The companies getting adoption have a strong trajectory—you can drop their robots into a brownfield environment, and they can augment peak activities.
What about the robotics-as-a-service (RaaS) model? Is it helping robot fleets spread?
Schultz: You want to de-risk companies' ability to adopt automation. Maintenance technicians are one of the most underestimated roles. These facilities have people used to maintaining forklifts and other equipment, but not robots.
Locus has made the RaaS model really simple. We've worked with them at a customer site that normally runs 25 robots and at peak asked for 25 more. It then shipped them back at the end of that time.
There's the ability to scale and work with existing operations or having to buy 50, nine of which aren't working, or buying 25 and figuring out a workaround.
Some companies are offering RaaS models that are a bit kludgy, more like a capital lease.
Looking ahead to 2023
What are some of the challenges operators face this year?
Schultz: We've got investors who monitor the markets, and we've seen that even if there's a recession, some companies will have a war chest, while others won't automate for fear of their businesses.
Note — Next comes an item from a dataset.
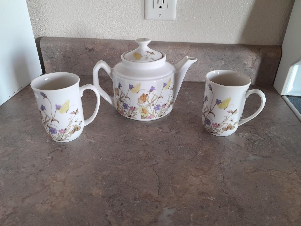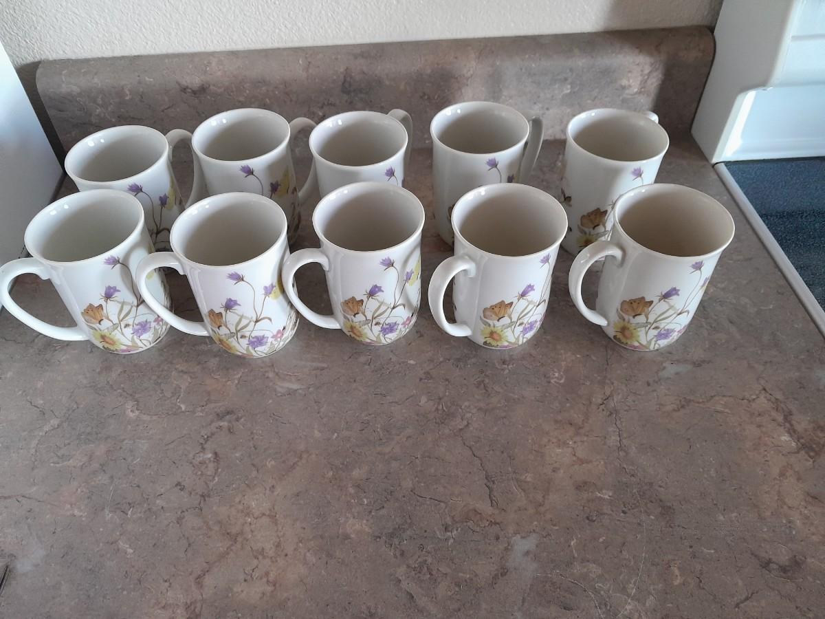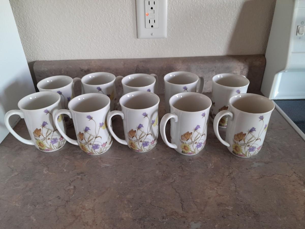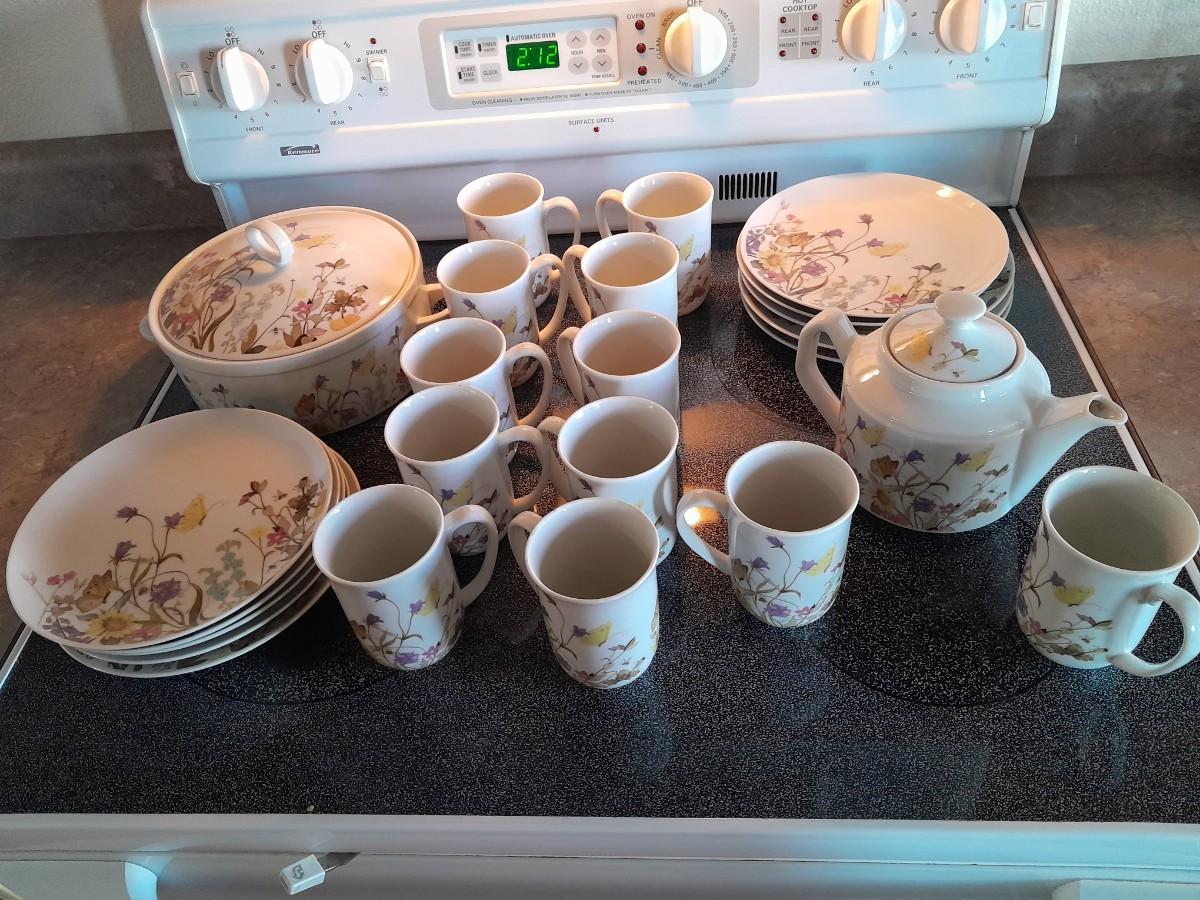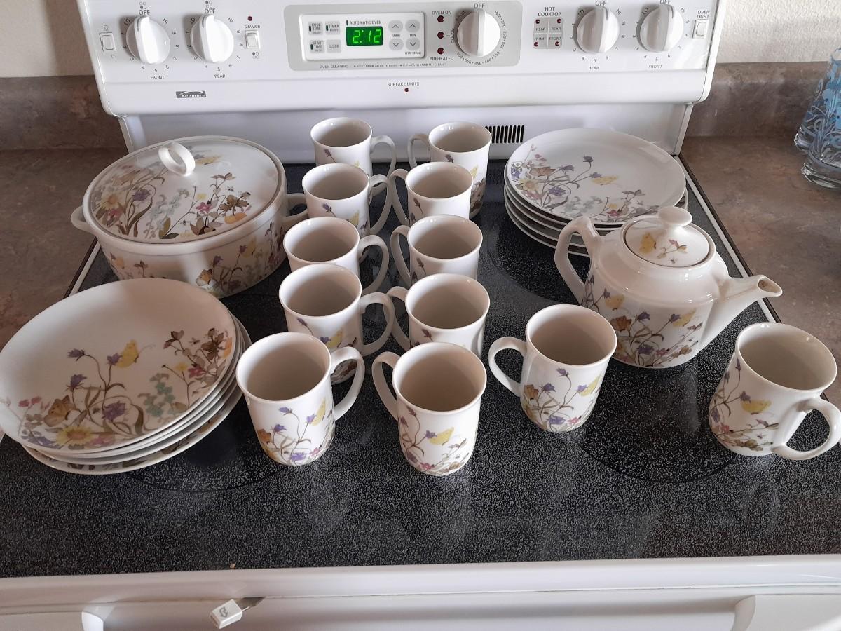 5 DINNER PLATES, 5 SALAD PLATES, CASSEROLE DISH, TEAPOT, 12 COFFEE MUGS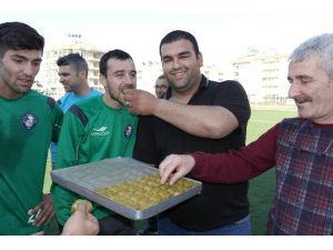 Salihli 45.5 Taraftarlar Derneği üyeleri, Salihli Belediyespor teknik heyet ve futbolculara baklava ikramında bulunarak, Horozköyspor maçında başarı diledi.

The companies that are strong will double down on robots to absorb capacity.
The problem right now with the supply chain industry is capacity. That's partly why there are so many robot companies. There's so much demand that they can have a tiny market share and still have a viable business.
Some operators have been inactive over a few years, and the bill will come due, and it will be that much harder [to automate].
What do you expect for logistics in 2023?
Schultz: I believe that 2023 will be the year that the bulk of 3PLs [third-party logistics providers] will really lean into automation. More will get into automation space, not with micropilots – DHL, Geodis, and GXO have been at it for a while.
Over a third of the top 20 3PLs have been cutting their teeth with one or two systems to get internal confidence and competence. Add in macroeconomic conditions where they were not just able to throw bodies at the problem, and lean supply chains are out.
2023 will be the tipping point for the 3PL market to really embrace automation.